The Sports Minister had rushed back to Brazil from the Pan American Games here last week to defend himself against the claims but he has now decided to step down from his high-ranking job although he maintains his innocence.

"I submitted my resignation," said Silva following a meeting with Brazilian President Dilma Rousseff.

"I decided to leave the Government so that I can defend my honour."

Silva's resignation comes less than 24 hours after the country's Supreme Federal Court confirmed that it has opened a formal investigation into the allegations which effectively made his position untenable.

A spokesperson from the office of the President said: "After that Supreme Court decision, Orlando was a Minister who was already on his way out."

The saga is the latest corruption scandal in Rousseff's short reign as President because since she came to power in January this year, four senior Ministers have resigned or been sacked after being accused of illegal activity.

Silvia, who has been relentlessly hounded by the Brazilian media since the accusations emerged, is now the fifth Minister to be added to the list.

But he is arguably the most high profile due to the fact that he is the Government lead on both the FIFA 2014 World Cup and Rio 2016 Olympic and Paralympic Games which will be the two biggest international sporting events in the history of the continent.

Silva has been involved in both global sporting events since their infancy after being named Sports Minister by popular former President Luiz Inácio Lula da Silva back in 2006.

He was also the only Minister from Brazil's Communist Party to maintain his position when Rousseff's Coalition Party came to power at the beginning of the year largely due to his heavy involvement and knowledge of the 2014 and 2016 projects.

Silva's resignation could have catastrophic repercussions for the two events, particularly the 2014 World Cup which has already been heavily criticised by FIFA for being well behind schedule.

Rousseff is now expected to allow the Communist Party to nominate a replacement for Silva from its own ranks.

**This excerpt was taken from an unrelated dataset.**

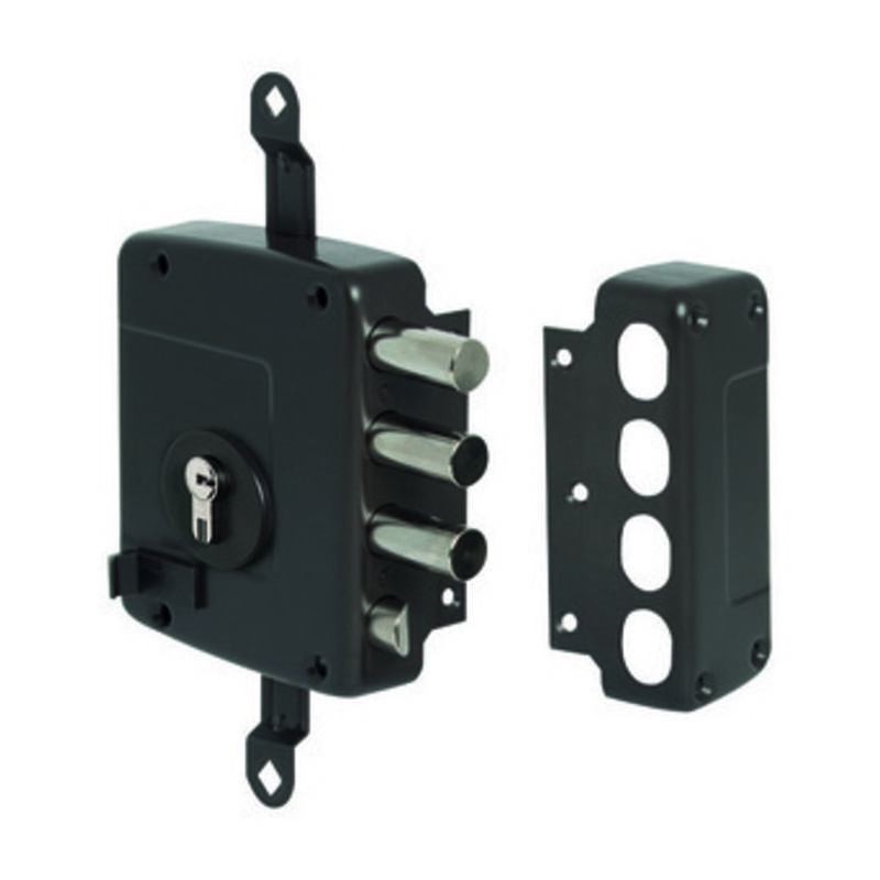 Art. 56167.60.1 chiusura triplice con scrocco e 3 catenacci. Comando interno con chiave o leva. Mano DX Scatola verniciata mm 123x150 Entrata 64 mm Fornita senza aste e senza cilindro.

Government sources suggest the most likely nominee is Senator Aldo Rebelo, a former Minister of Institutional Relations, who has been a vocal critic of corruption in Brazilian football

However, Rousseff may appoint a substitute on an interim basis before deciding on a permanent replacement.

Rebelo's appointment could raise tensions over the World Cup organisation because he has strongly criticised the head of Brazil's football confederation Ricardo Teixeira, who is being currently being investigated by Federal Police over another series of corruption allegations.

The controversial Teixeira also leads the Brazilian Organising Committee for the 2014 World Cup and is a member of FIFA's ruling Executive Committee.